Männer sind viel einfallsloser, als sie glauben. Anders kann ich es mir nicht erklären, dass sie immer wieder Alice Schwarzer aus dem Hut ziehen, um die Wortbeiträge von Frauen zu diskreditieren. Ich erlebe das sehr oft: Egal, ob ich einen „Witz“ sexistisch nenne oder auf eine Ungleichbehandlung hinweise. Ob im Stadion oder in den Kommentarspalten deutscher Tageszeitungen: irgendeiner kommt immer mit dem Schwarzer-Vergleich. „Ist ja gut, Frau Schwarzer“ oder „Alice Schwarzer lässt grüßen“, besonders kreativ sind die Herren leider nicht. Das allein ist natürlich keinen Blogartikel wert, mir geht es um etwas anderes.
Alice Scharzers Feminismus ist nicht meiner
Mal davon abgesehen, dass die Männer, die nur eine einzige Feministin kennen, offensichtlich unter einem Stein leben, stört mich der Vergleich vor allem deshalb, weil der Feminismus von Alice Schwarzer nicht meiner ist.
Eins vorweg: ich habe nicht vor, mich an Alice Schwarzer abzuarbeiten. Das haben dankenswerterweise andere schon getan, bspw. Margarete Stokowski oder Laura Lucas in den Übermedien. Ich habe nur einen Aufhänger gebraucht, um ins Thema Intersektionalität einzusteigen. Alice Schwarzer und ihren Mitstreiter*innen (sogenannte „Zweite-Welle-Feministinnen“) wird vorgeworfen, sich inhaltlich auf Sexismus und Misogynie zu beschränken. Ihr Feminismus ist sowohl von der Verengung des Blickfelds auf die Kategorie Geschlecht geprägt als auch von der fehlenden Reflexion der eigenen Privilegien.
Die Diskriminierung von Frauen ist oft mehrdimensional
Intersektionaler Feminismus möchte über die Überwindung sexistischer Diskriminierung hinaus gehen. Denn wenn wir uns nur dieser einen Kategorie widmen, greifen wir zu kurz und werden scheitern.
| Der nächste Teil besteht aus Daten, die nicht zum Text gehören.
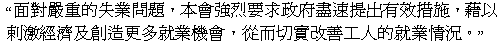 20. At the suggestion of Miss CHAN Yuen-han, members present passed the following motion to urge the Administration to create jobs and tackle unemployment -
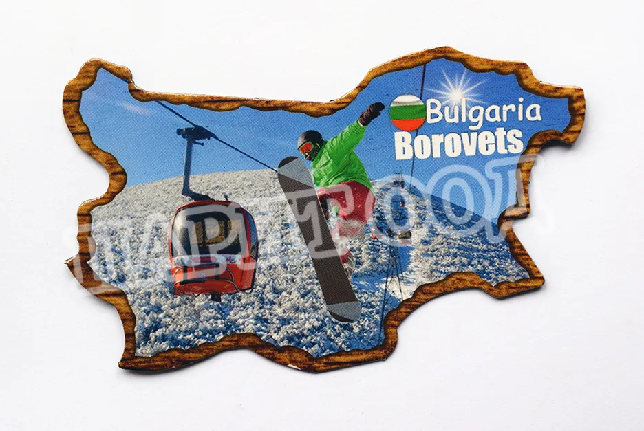 Сувенирен магнит със снимка от Боровец и надпис Боровец, България. Предлага се опакован в щендерен целофан.
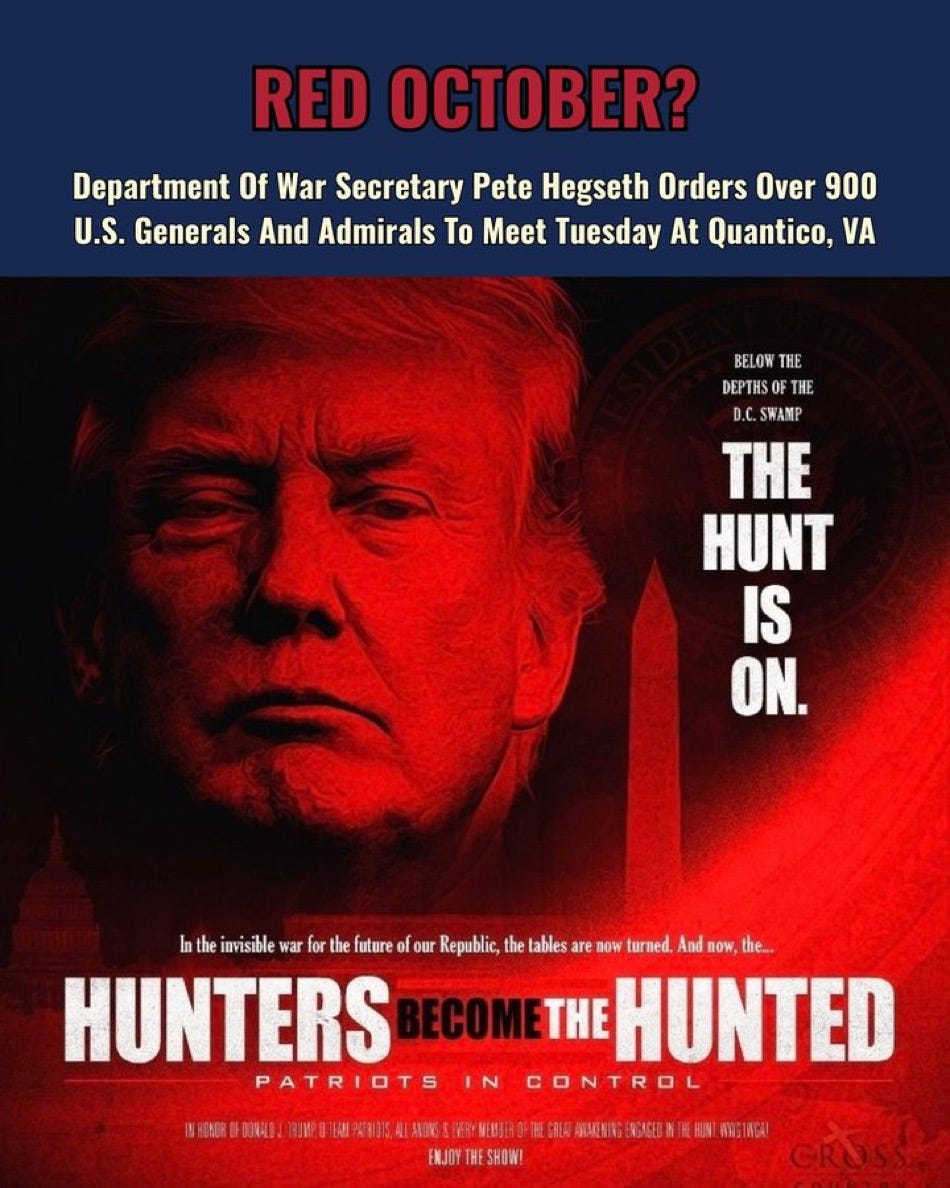 → Over 900 Generals & Admirals were summoned to Quantico by Sec. of WAR Pete Hegseth and President Trump himself will be in attendance
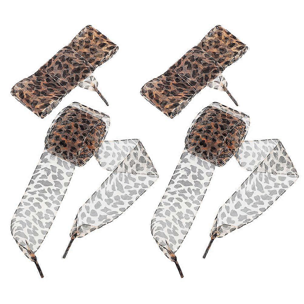 2 Pairs 4CM Wide Leopard Shoe Laces for Sneakers Animal Print Flat Shoelaces for Women and Men Shoe Laces for Sports Shoes
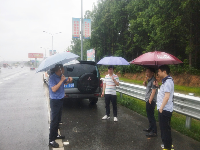 6月16日上午,市公路管理處黨委委員、總工程師吳煥仍,橋隧科科長李衛(wèi)華一行冒雨到綿江路檢查汛期安全工作,路橋公司副總經(jīng)理蘭小松、養(yǎng)護(hù)事業(yè)部相關(guān)人員陪同檢查。
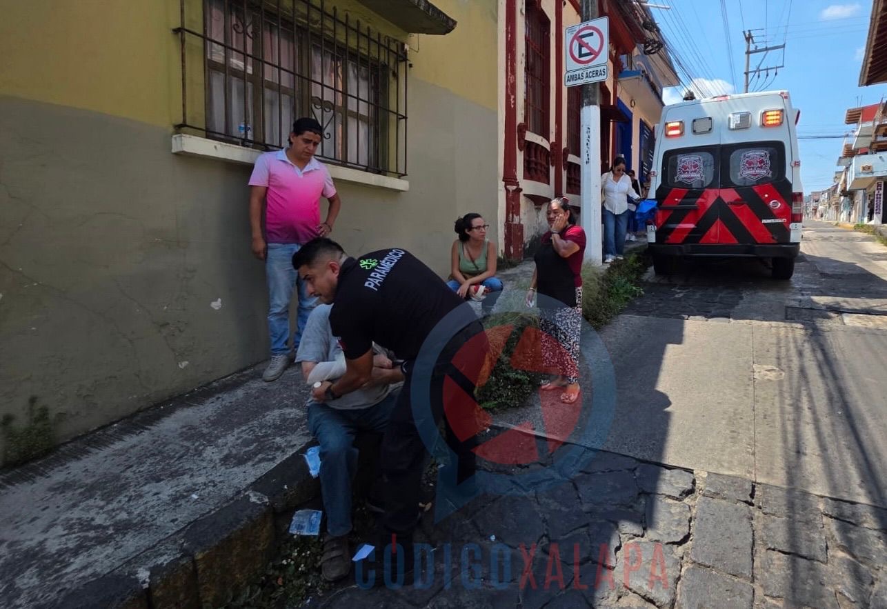Xalapa, Ver., 27 de abril de 2026.— Un adulto mayor resultó lesionado tras sufrir una caída sobre la calle José María Alfaro, casi en la esquina con Ignacio Aldama, en la zona centro de la ciudad.
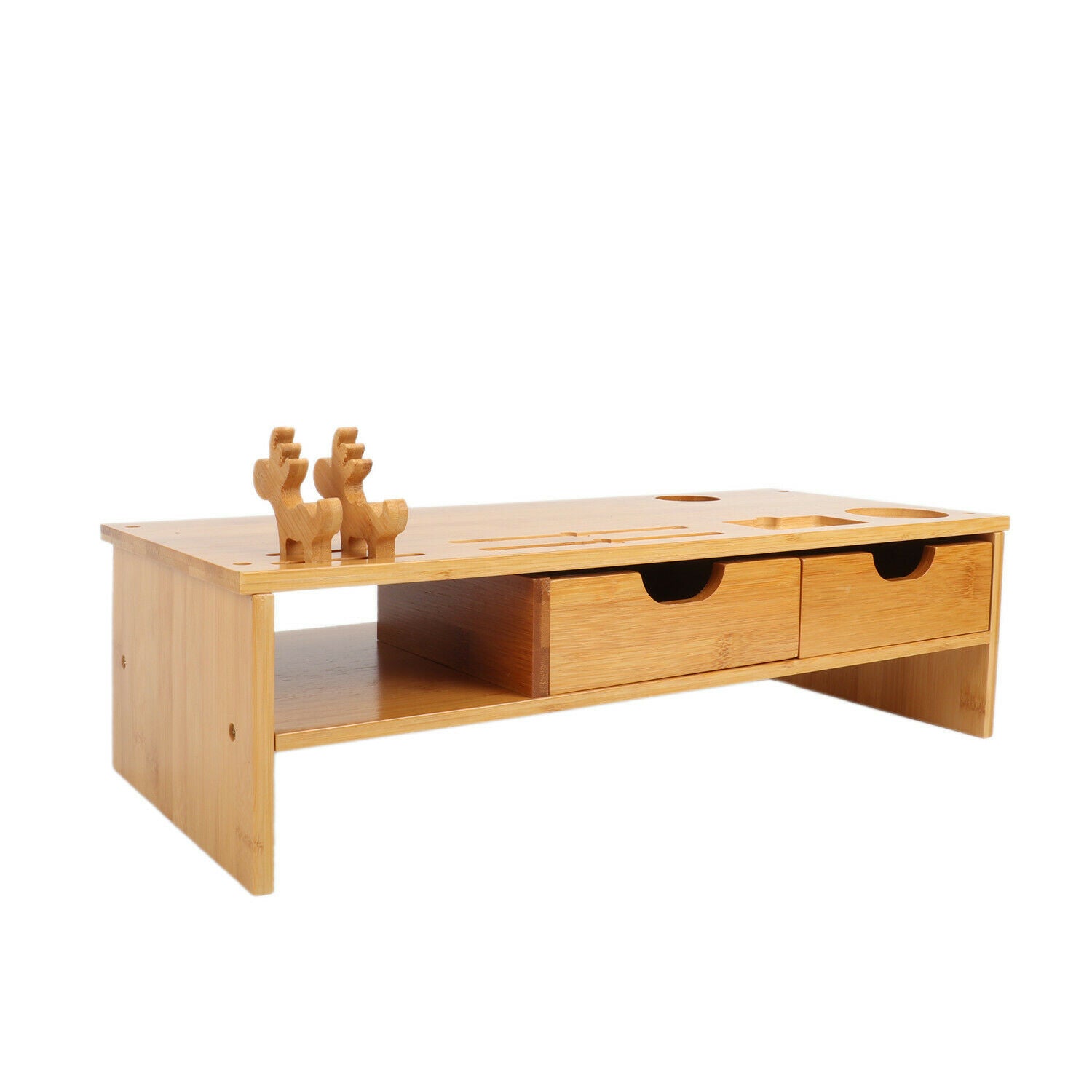 Bamboo PC Monitor Stand Laptop Computer Screen Desk Riser Rack w/Storage Drawers
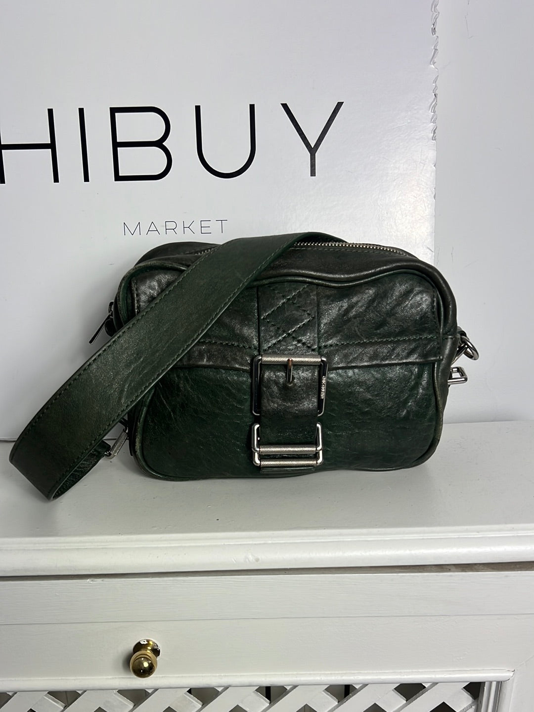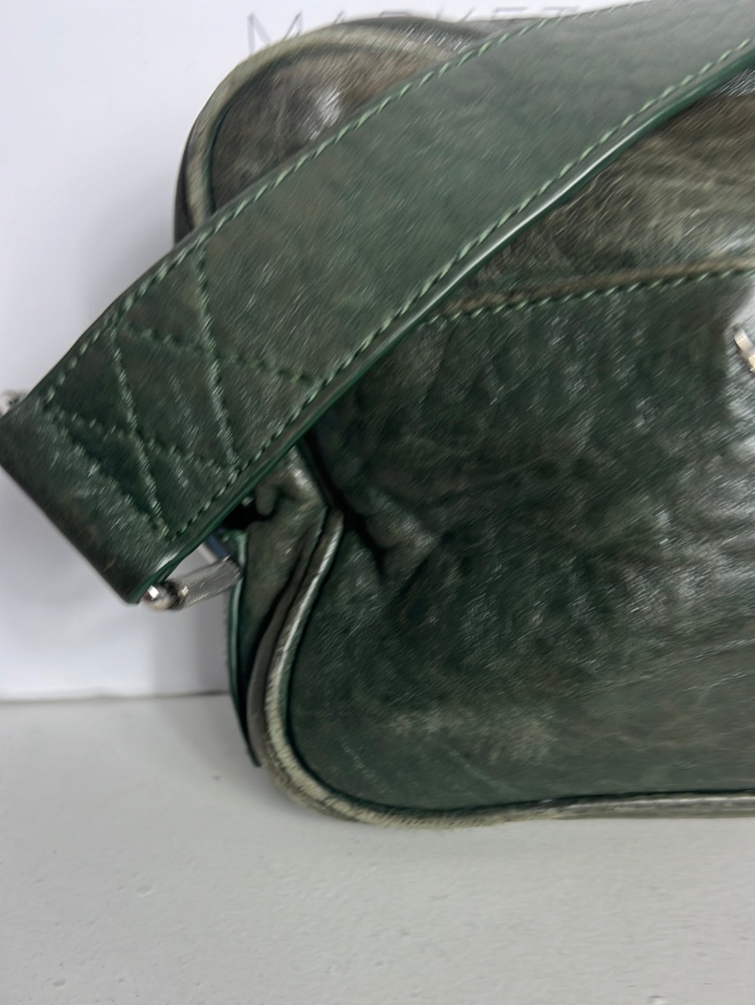 bolso verde de piel. Tara: Zonas tejido desgastado
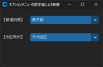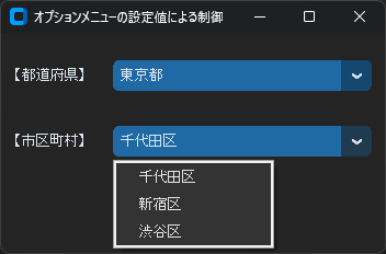 - 都道府県メニュー の選択内容で 市区町村メニュー の選択肢が変わるサンプル
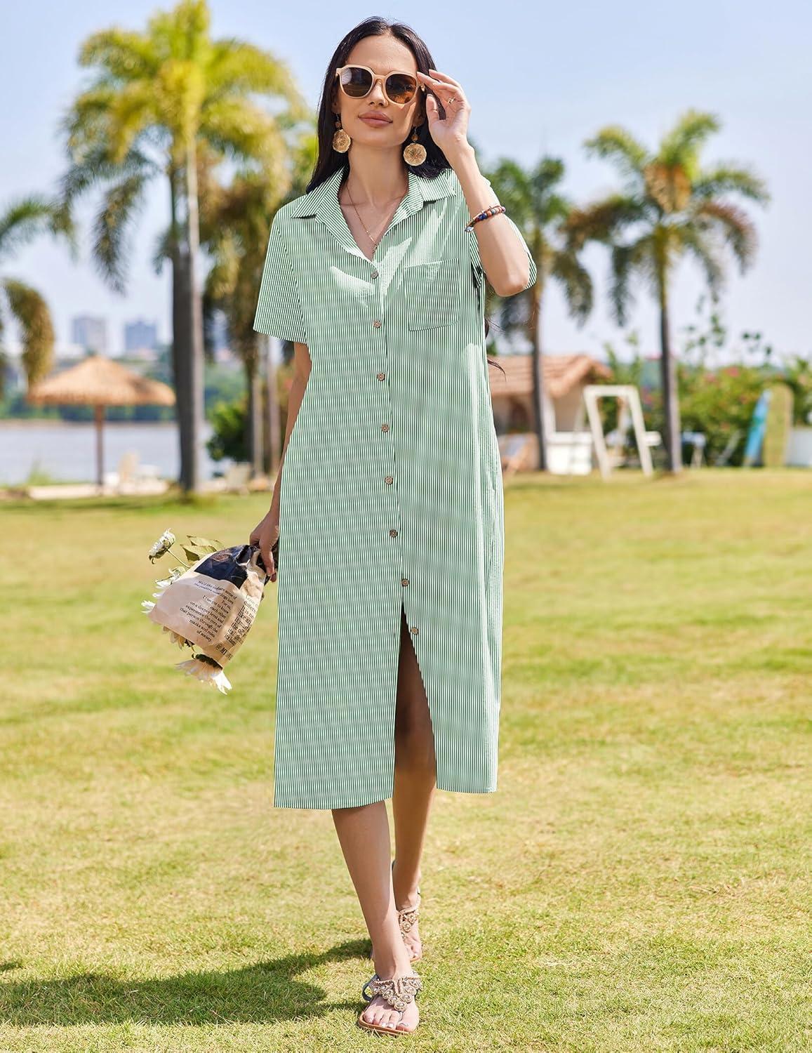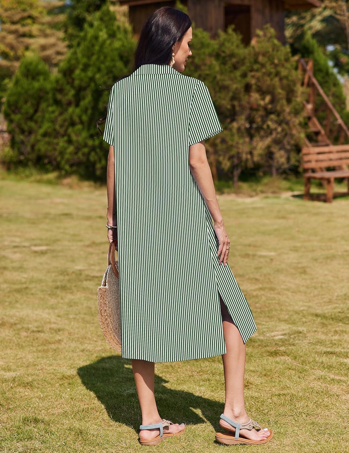 HOTOUCH Womens Summer Dress Casual Midi Short Sleeve Shirt Button Down Loose Beach Dress with Pockets(Green Stripe)
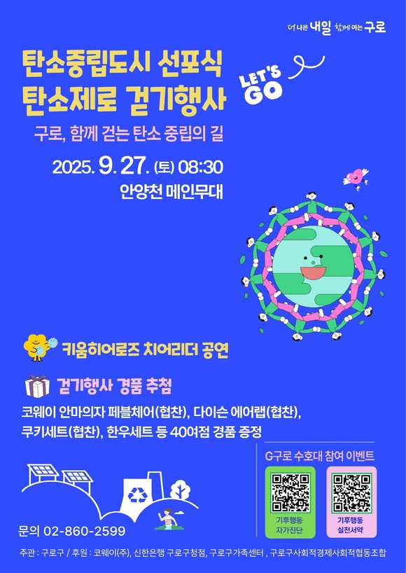 서울 구로구(구청장 장인홍)가 오는 27일 오전 8시 30분 안양천 구로G페스티벌 메인무대에서 ‘구로, 함께 걷는 탄소중립의 길’을 주제로 ‘탄소중립도시 구로’ 선포식을 개최한다.
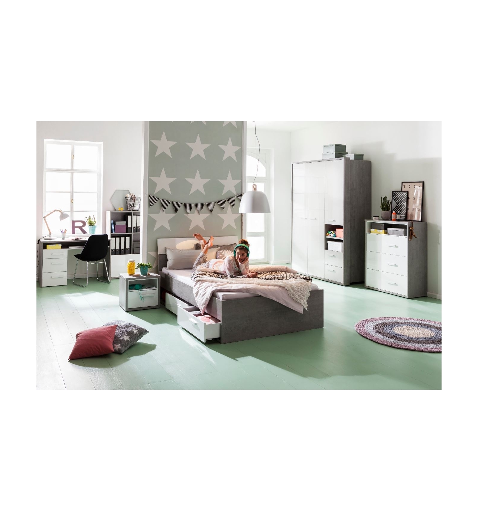 Su estructura principal está realizada en panel ecológico melamínico de 25 mm de espesor con revestimiento en gris cemento. La cama estelar incluye un moderno cabecero en tono bicolor blanco / cemento.
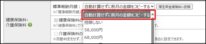 その上で、その他のメニュー>従業員一覧>従業員情報にて「自動計算せず、前月の金額をコピーする」の利用を推奨します。
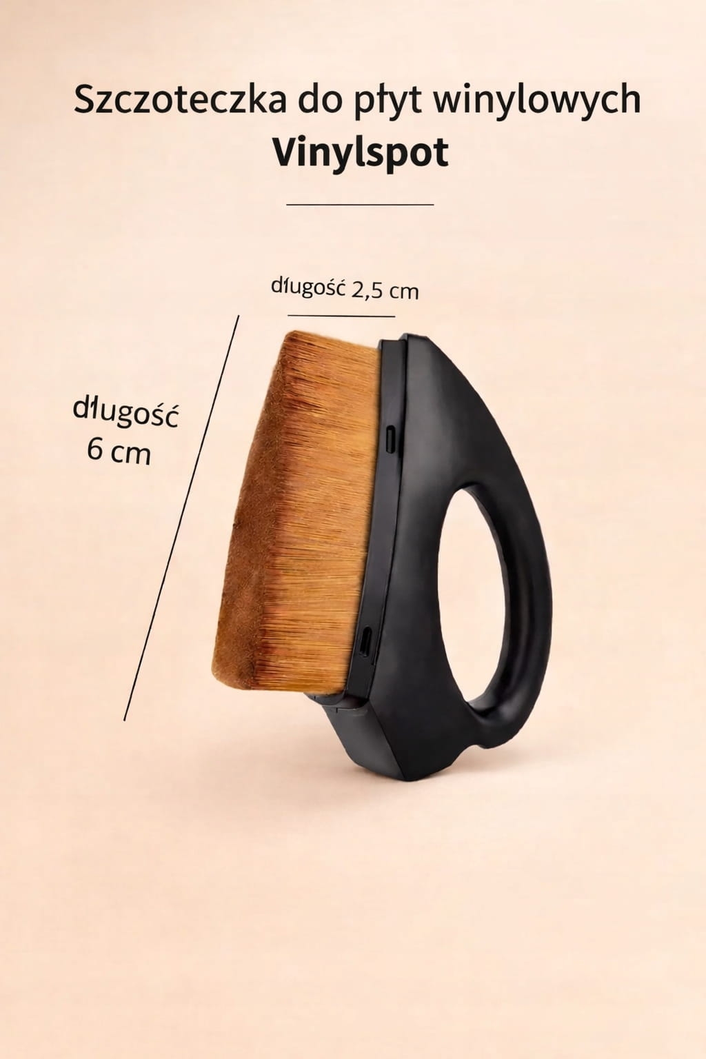 Wielkość: długość 6 cm, wysokść włosia 2,5 cm Najważniejsze cechy Silne właściwości antystatyczne Specjalne przewodzące włókno oraz rączka odprowadzają ładunki elektrostatyczne, dzięki czemu płyta mniej przyciąga kurz. 250 000 ultra cienkich, gęstych włókien nylonowych Docierają głęboko w rowki płyty i skutecznie usuwają drobiny kurzu oraz brudu. Do czyszczenia na sucho i na mokro Sprawdza się zarówno w codziennej pielęgnacji, jak i jako element pełnego procesu czyszczenia winyli. Bezpieczna dla płyt winylowych Delikatne, a jednocześnie skuteczne włosie nie rysuje powierzchni. Produkt sprawdzony i chwalony przez użytkowników.
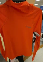 A vibrant orange long-sleeve hoodie designed for outdoor activities.
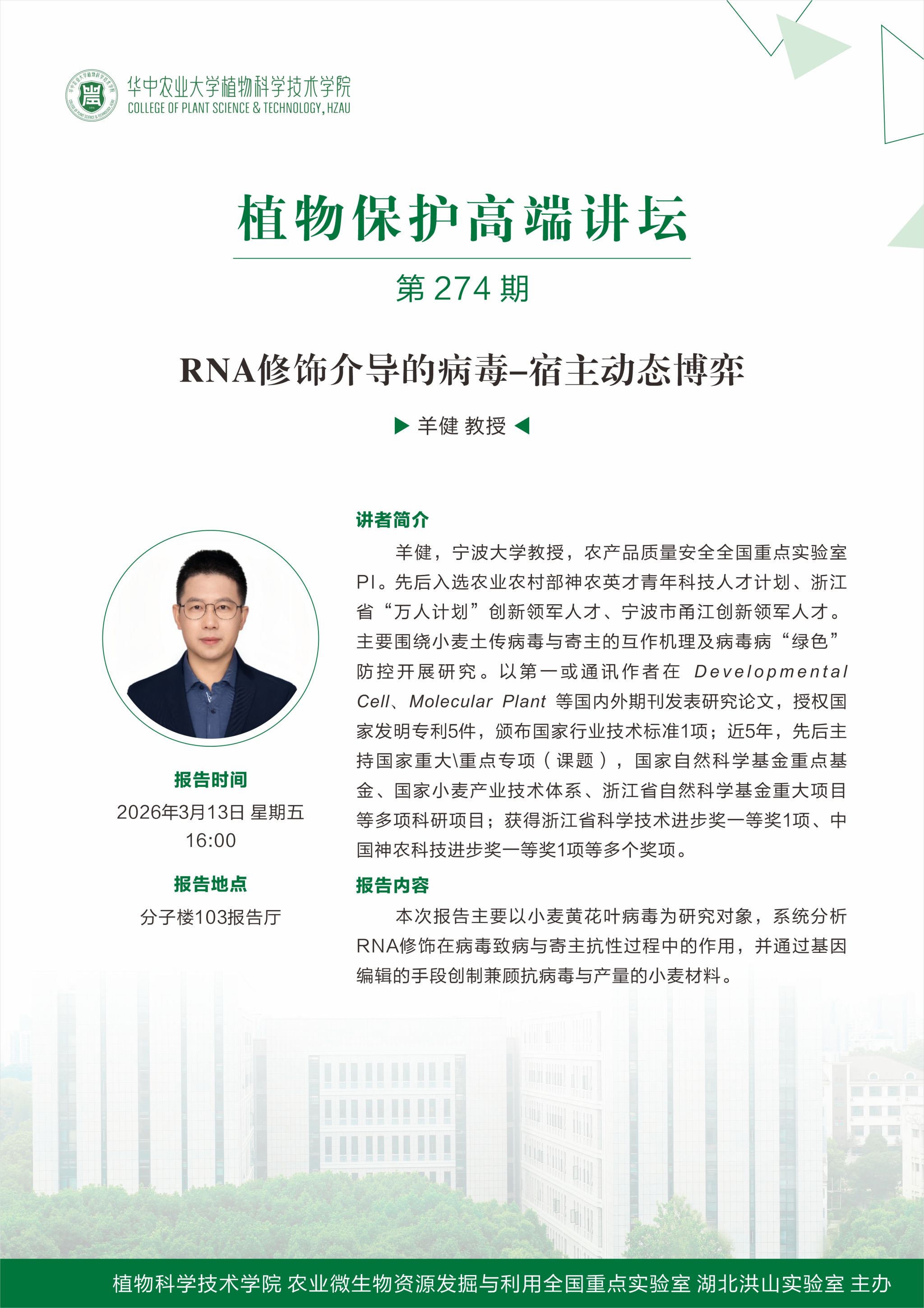 RNA修饰介导的病毒-宿主动态博弈(羊健 教授)

Die Benachteiligung von Frauen ist selten eindimensional. So wird eine Frau möglicherweise aufgrund ihres Geschlechts diskriminiert, aber auch aufgrund ihrer ethnischen Zugehörigkeit, ihrer Sexualität, ihrer Behinderung, ihrer Religion, ihrer Körperform, ihres Alters, ihrer finanziellen Möglichkeiten oder ihres Bildungsabschlusses. Die Diskriminierungen überschneiden sich, lassen sich nicht trennscharf auseinanderhalten. Es reicht daher nicht aus, nur die Gleichstellung von Frauen und Männern zu fordern.
Weiße Frauen sind privilegiert
Der zweite wesentliche Aspekt des intersektionalen Feminismus ist die Selbstreflektion. Nur wenn ich meine eigene Position kenne und mir meiner persönlichen Privilegien bewusst bin, kann ich zur Überwindung von Ungerechtigkeit beitragen. Als weiße, normalgewichtige Frau, die kein Kopftuch trägt und keine Behinderung hat, ist es für mich ein Privileg, zum Fußball gehen zu können und (von sexistischen Sprüchen abgesehen) weitgehend unbehelligt teilnehmen zu können. Es reicht mir aber nicht, nur darauf zu drängen, dass ich diskriminierungsfrei Fußball gucken kann. Ich will das auch für die behinderte Muslima oder die fette Transfrau.
Feministin sein ist kein Persilschein
Feministin sein heißt für mich auch, mich ständig selbst zu hinterfragen. Denn nur weil ich eine Frau bin, bedeutet das nicht, frei von misogynen Denkmustern zu sein. Ich bin genauso im Patriarchat sozialisiert wie alle anderen. Ebenso wenig kann ich mich generell von Rassismus, Ableismus, Homo- und Transphobie, Antisemitismus, Altersfeindlichkeit, Lookismus und Klassismus freisprechen. „Sich zum Feminismus zu bekennen ist kein Persilschein, der einen plötzlich mit einer gehobenen Moral ausstattet“, schrieb Martha Martens 2013 im Missy Magazin. Für mich ist dieser Satz Richtschnur und Mahnung zugleich.
Der letzte Absatz ist echt wie so ein Mantra.
Ja, da hast Du recht. Ich muss es mir immer wieder sagen.